Kiffin is simply pointing out it makes little sense to have the transfer portal open while bowl games and the playoffs haven’t even been played. This type of calendar really creates an environment where programs have to tamper to get a leg up on other teams. 

It’s like CJ Brown’s example of coaches reaching out immediately after Arkansas’ loss to BYU. Similar to a hungry lion ready to pounce on a wounded gazelle, coaches from other schools will jump on prospective players at the first sign of struggles.

The attempted poaching begins with the high school commits and these days just seems to continue on through college, especially for those players on struggling or mid-major teams. With the transfer portal opening so soon after the regular season ends, it’s hard for staff members of some teams to resist contacting potential transfers in the middle of a season.

The arms-race dynamic has always been a part of big-time college sports, dating back to Harvard-Yale rowing contests in the 1850s. Programs will do whatever they need to get even the most miniscule advantage over the competition. That includes pushing the boundaries and operating in gray areas of the rulebook.
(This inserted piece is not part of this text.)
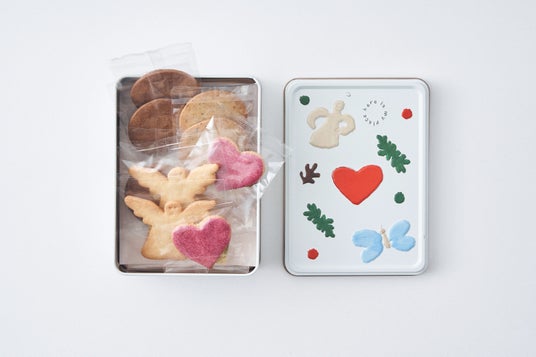 Iwaya Kahoさんによるタトゥーシールブランド『opnner〈オプナー〉』のビスケット缶がバレンタイン限定で登場いたします。甘酸っぱい「ハートのラズベリーアイシングビスケット」や「天使の発酵バタービスケット」に加え、「カカオビスケット」「アールグレイビスケット」の全4種類をセットしています。缶に綴られた「where angel is(天使のいるところ)」というメッセージが、特別な贈り物にぴったり。

Right now, though, it seems as if there is no strict rulebook to abide by. No law and order in this Wild West. 

For Arkansas football, that means picking and choosing your battles wisely. Until there’s either new legislation or the Razorbacks’ NIL situation begins to “print money” like some of the other national powers, paying extra for an unproven talent doesn’t seem smart.

Besides, if that means passing on certain prospects in favor of those of CJ Brown’s ilk, that’s probably best for long-term success anyways.


Listen to the entirety of CJ Brown’s appearance on “The Morning Rush” here:


CJ Brown’s Bonafides

The 6’1″, 185 pound wide receiver was a consensus three-star prospect by 247Sports, Rivals, ESPN and On3 …

*Rated the No. 79 wide receiver in the country and the No. 8 overall prospect in Arkansas according to ESPN … No. 84 wide receiver nationally and No. 6 overall prospect in Arkansas by 247Sports

CJ Brown spent some of his youth in Minnesota but after moving to northwest Arkansas played for head coach Jody Grant at Bentonville High School. He finished his senior season with 55 catches for 1,254 yards (22.8 ypc) and 15 touchdowns … Completed one pass for a 62-yard touchdown … Also rushed twice for 81 yards and two scores … Returned five kickoffs for 373 yards (74.6 avg) and three touchdowns during the 2023 campaign …

Birthdate: Aug. 12, 2005 … CHOSE ARKANSAS OVER: Kansas State, Louisville, Minnesota, Oklahoma State, Purdue, Vanderbilt and others.